Task goal ::
Output the data in full. Keep every word exact and exclude the pictures.

Data segment ::
****************
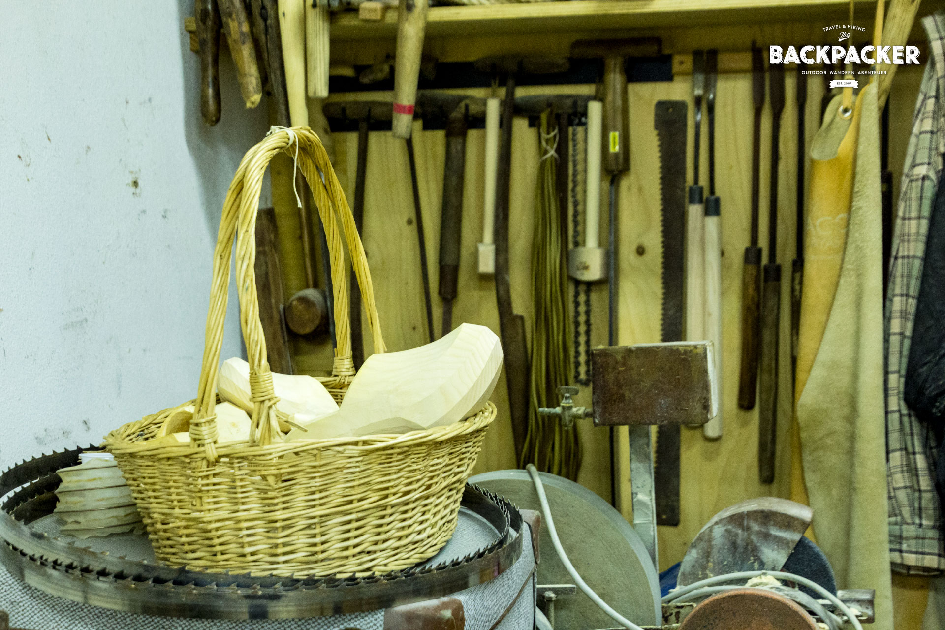 Als ich den Laden betrete, der eigentlich nur aus einem Regal, einem Vorhang und einem Verkaufsthresen besteht, werde ich von Michel Becquet freundlich begrüßt. Ihm gehört der Laden und er ist einer von den wenigen übrig gebliebenen Herstellern der Sabots im Aostatal. „Ganze fünf sind es nur noch“, gibt er mir zu verstehen. Das Handwerk muss beherrscht werden, was nicht jeder tut und braucht Zeit, um aus einem Stück Holz diese Art der Schuhe herzustellen. „Aber wenn sie mal fertig sind, passgenau auf den Fuss zugeschnitten, möchte man sie nicht mehr missen“ versucht er mir mit einem Zwinkern die Besonderheiten der Schuhe zu erklären. Er lädt mich ein, seine Werkstatt zu besuchen. Die liegt vor neugierigen Augen geschützt hinter dem Vorhang und wirft mich augenblicklich in eine andere Zeit zurück.
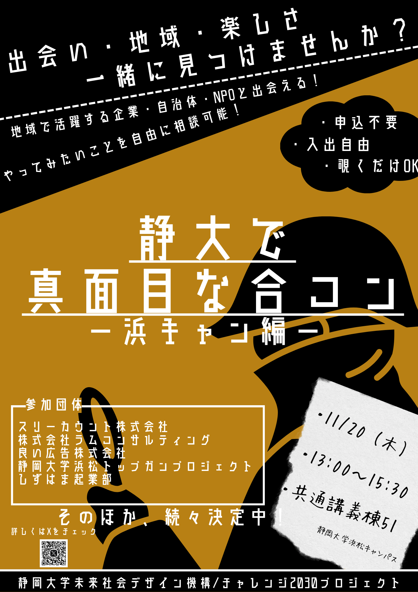 「静大で真面目な合コン -浜キャン編-」(2025年11月20日)を開催(NPO・企業・自治体と学生のマッチング) お知らせ 2025.10.24 学生と企業、NPO等の団体が出会う場を創出する「静大まじめな合コン」。地域に出て社会と関わる活動に関心のある学生に是非お声掛けください。 2025年11月20日(木)13:00~15:30 @静岡大学浜松キャンパス 共通講義棟51
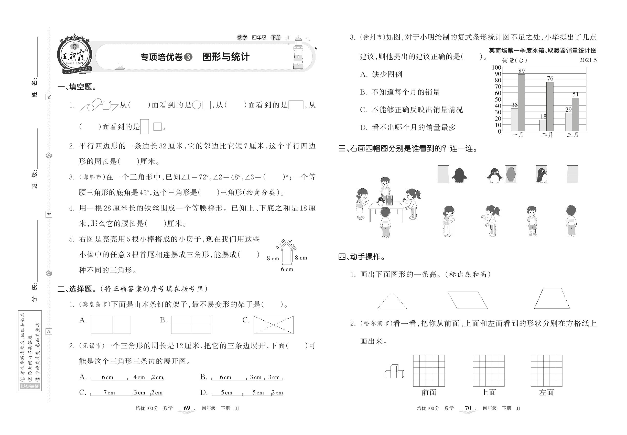 2022下册四年级数学冀教版 专项培优卷3 图形与统计
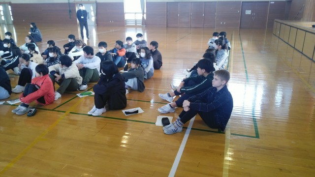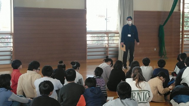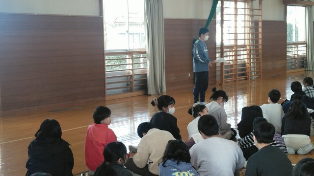 4~6年生は、お昼休みに体育館に集まってスキー学習の話を聞きました。明後日がスキー学習です。楽しく活動できるように、しっかり先生の話を聞いていました。
****************
Result below ::
 Als ich den Laden betrete, der eigentlich nur aus einem Regal, einem Vorhang und einem Verkaufsthresen besteht, werde ich von Michel Becquet freundlich begrüßt. Ihm gehört der Laden und er ist einer von den wenigen übrig gebliebenen Herstellern der Sabots im Aostatal. „Ganze fünf sind es nur noch“, gibt er mir zu verstehen. Das Handwerk muss beherrscht werden, was nicht jeder tut und braucht Zeit, um aus einem Stück Holz diese Art der Schuhe herzustellen. „Aber wenn sie mal fertig sind, passgenau auf den Fuss zugeschnitten, möchte man sie nicht mehr missen“ versucht er mir mit einem Zwinkern die Besonderheiten der Schuhe zu erklären. Er lädt mich ein, seine Werkstatt zu besuchen. Die liegt vor neugierigen Augen geschützt hinter dem Vorhang und wirft mich augenblicklich in eine andere Zeit zurück.
 「静大で真面目な合コン -浜キャン編-」(2025年11月20日)を開催(NPO・企業・自治体と学生のマッチング) お知らせ 2025.10.24 学生と企業、NPO等の団体が出会う場を創出する「静大まじめな合コン」。地域に出て社会と関わる活動に関心のある学生に是非お声掛けください。 2025年11月20日(木)13:00~15:30 @静岡大学浜松キャンパス 共通講義棟51
 2022下册四年级数学冀教版 专项培优卷3 图形与统计
 4~6年生は、お昼休みに体育館に集まってスキー学習の話を聞きました。明後日がスキー学習です。楽しく活動できるように、しっかり先生の話を聞いていました。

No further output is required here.